Heroine of the night is Lee Bisset’s Brünnhilde, her sumptuous soprano radiating passion whether driven by love, anguish or anger at betrayal. Sculpting phrases with great expressiveness and, particularly in her various duets, finding the equivalent physical gestures to make her characterisation natural and credible, she was magnificent throughout. The chief virtue of her Siegfried, Bradley Daley, was the clarity of his diction allied to vocal stamina. Following the chicanery of this galumphing youth being drugged and duped, it was in dying, and the tender memory of his love for Brünnhilde, that he engendered most sympathy. Julian Close’s Hagen was powerfully sung, emphasising his tortured side as well as the evil of his machinations, while baritone Benedict Nelson was an impressive Gunther. Laure Melroy as his sister Gutrune, Catherine Carby as Waltraute, the trios first of Norns – notably Mae Heydorn – and then Rhinemaidens, as well as the male chorus of Hagen’s vassals, all made their mark.

Director Amy Lane and set designer Rhiannon Newman Brown’s staging felt inconsistent, with Tim Baxter’s video design awkwardly framed. Clouds, lakes, water falling like Niagara and the flickering of Loge’s fire were sometimes more distracting than atmospheric, as was the image of a brutalist Valhalla high on a mountain, which would not burn even in a conflagration of all the ash trees.

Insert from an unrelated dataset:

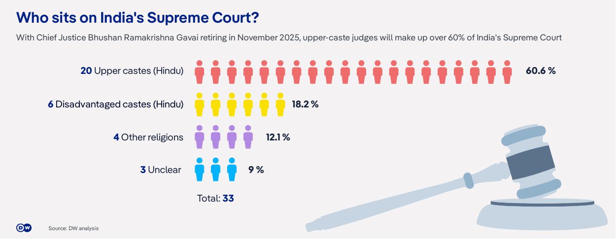 गवई की इस उपलब्धि के बावजूद भारत के कई हिस्सों में आज भी महिलाएं और वंचित समुदाय अपने जीवन में आगे बढ़ने के दौरान ऐतिहासिक पिछड़ापन, पक्षपात और लैंगिक भेदभाव का सामना करते हैं. डीडब्ल्यू ने भारत की सर्वोच्च अदालत में विविधता की स्थिति को ध्यान से देखने की कोशिश की है. इस जांच में जजों के लिंग, धर्म और जाति जैसे पहलुओं का ध्यान रखा गया है.

Against the glorious symphony with which the opera ends, and with the reappearance of the theme of ecstasy reinforcing the redemptive element of Brünnhilde’s self-sacrifice and immolation, Lane’s suggestion that this daughter of the gods was reunited in death with Wotan as well as with Siegfried, may have implied all-fine-in-the-end closure. But when a red light was shone into the audience, as though embracing all in the deathly flames, the effect was sobering.